General and Administrative Expense:  Resolute’s general and administrative expenses increased 26 percent to $9.5 million during the second quarter of 2017, as compared to $7.5 million during the same period in 2016.  The $2.0 million increase primarily resulted from increases in share based compensation due to a shift from granting principally cash-based incentive awards in 2016 and 2015 to equity-based long-term incentive awards in 2017.  On a unit-of-production basis, general and administrative expenses decreased 39 percent.  Cash-based general and administrative expense for the second quarter of 2017 was $6.5 million, or $2.95 per Boe, compared to $6.2 million, or $5.74 per Boe, in the comparable 2016 period.  Share-based compensation expense, a non-cash item, represented $3.0 million for the second quarter of 2017 and $1.3 million for the second quarter of 2016. 

For the first six months of 2017, general and administrative expenses increased to $19.9 million, as compared to $16.5 million during 2016.  The $3.4 million, or 21 percent, increase primarily resulted from the reason noted above as well as a restoration of short-term incentive compensation awards, which had been reduced during 2016 in response to lower commodity prices, offset by an increase in the portion of general and administrative expenses capitalized.  Cash-based general and administrative expense for the first half of 2017 was $14.1 million, or $3.54 per Boe, compared to $13.0 million, or $6.82 per Boe in the comparable 2016 period.  Share-based compensation expense represented $5.8 million for the first six months of 2017 and $3.5 million for the first six months of 2016.

Cash-settled Incentive Awards:  We recorded a credit of $1.4 million during the second quarter of 2017 for cash-settled incentive award expenses as compared to expense of $1.4 million in the second quarter of 2016.  The decrease is attributable to a decrease in the fair value of cash-settled stock appreciation rights under the long-term incentive program, which are required to be remeasured at each period end.  Due to a decrease in the price of Resolute common stock during the second quarter of 2017, the remeasurement of the fair value of the awards yielded a lower fair value than at March 31, 2017. As a result, a credit was recorded during the second quarter of 2017.  Actual cash payments for the current quarter were $7.7 million. 
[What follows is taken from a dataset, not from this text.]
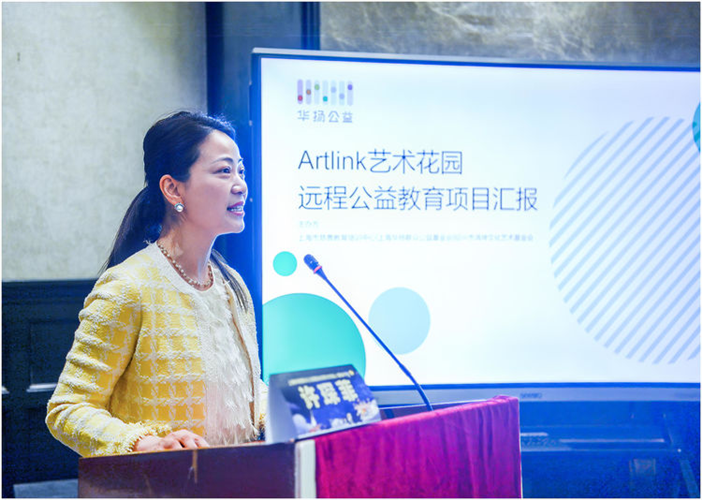 华扬联众公益基金会联合创始人兼秘书长许琛菲作了《Artlink艺术花园远程公益教育项目成果与展望》的分享,她说,“Artlink艺术花园远程公益教育项目”作为牵手的子项目,在2021年由上海市慈善教育培训中心、上海华扬联众公益基金会、鸿坤文化艺术基金会三家联手启动,始终以“用艺术点亮乡村未来”为使命,聚焦边远地区教育资源薄弱问题,为乡村师生提供系统性、可持续的远程艺术教育支持。项目实施中,大家充分认识到艺术不仅是技能的培养,更是情感的表达与心灵的滋养,尤其对留守儿童群体而言,艺术教育能有效缓解心理压力,激发创造力与自信心。能帮助孩子们形成良好的性格,保持积极乐观的生活态度,并且培养他们的社交沟通能力,让孩子们怀着感恩的心回报家庭、回馈社会。教育公平是社会公平的重要基石,这就是做好这个项目的核心理念。通过多年的努力,该项目已开发了远程艺术教育创意美术课、手工技能课、演讲口才课、故宫青少年古建筑与陶瓷实践课等4大类课程,工作覆盖云南、四川、广西等9个省份的67余学校,有约6000名学生从中接受了优质的艺术教育和人文关怀,项目还同时对40名家庭经济困难的学生开展了帮困助学活动。
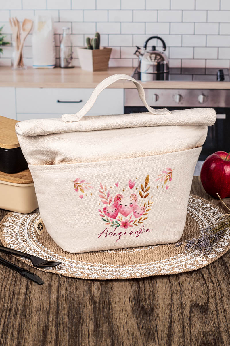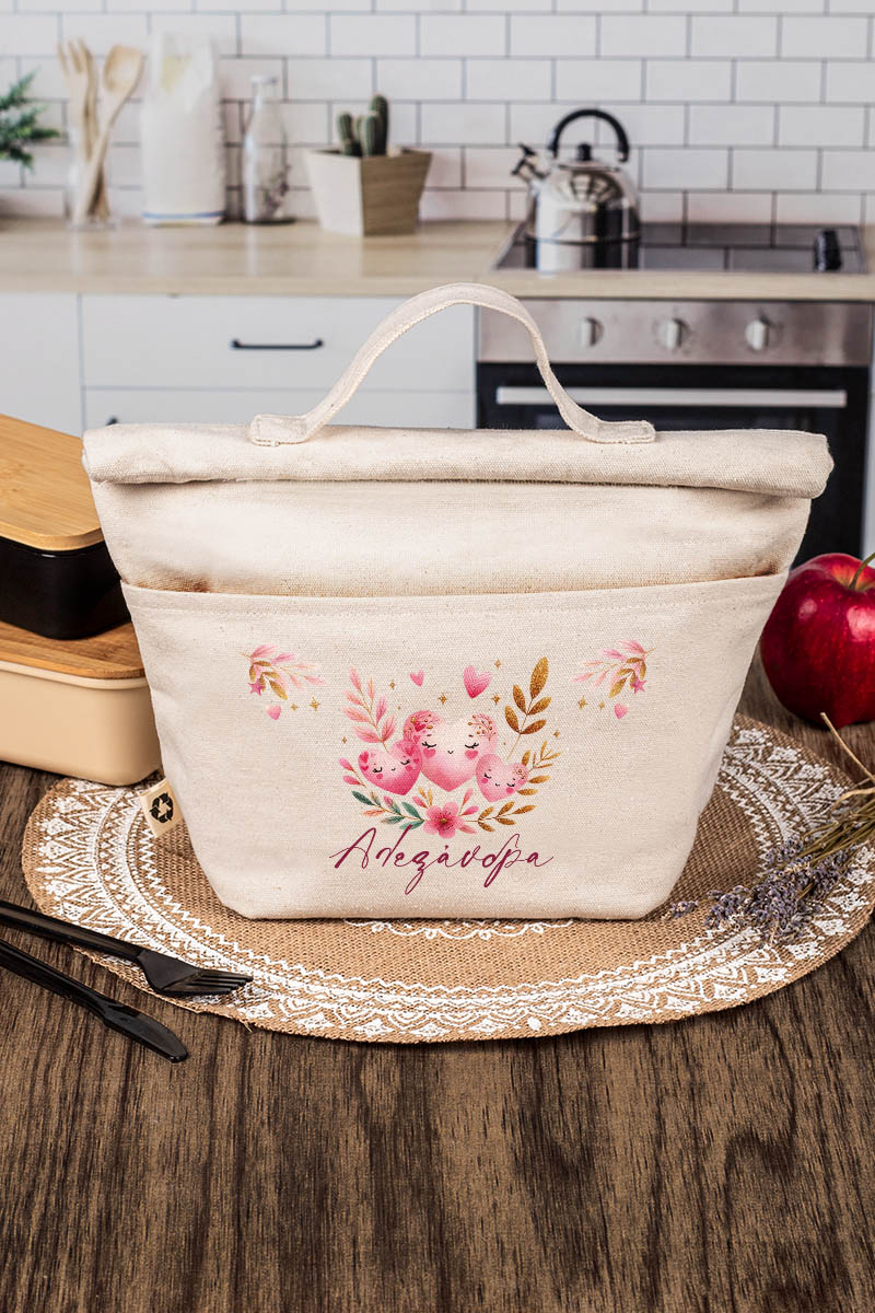 Ισοθερμικό Τσαντάκι Φαγητού Παιδικό με Όνομα, Flower Hearts

For the six months ended June 30, 2017, cash-settled incentive award expenses increased to $4.0 million as compared to $2.2 million for the six months ended June 30, 2016.  The 2017 increase in expense is a result of the grant of time- and performance-based restricted stock awards, the achievement of multiple performance targets under the performance-based restricted cash awards as well as cash-settled stock appreciation rights under the long-term incentive program that are based on the Company’s common stock price.  Actual cash payments during the 2017 period were $11.3 million.

Capital Expenditures:  During the quarter ended June 30, 2017, Resolute incurred oil and gas related capital expenditures of approximately $93.7 million, excluding the Delaware Basin Bronco Acquisition of $161.3 million and capitalized interest of $3.7 million.  During the first six months of 2017, Resolute incurred oil and gas related capital expenditures of approximately $147.1 million, excluding the Delaware Basin Bronco Acquisition of $161.3 million and capitalized interest of $6.2 million.  These capital investments were primarily for drilling and completion, and facility and infrastructure projects in the Delaware Basin.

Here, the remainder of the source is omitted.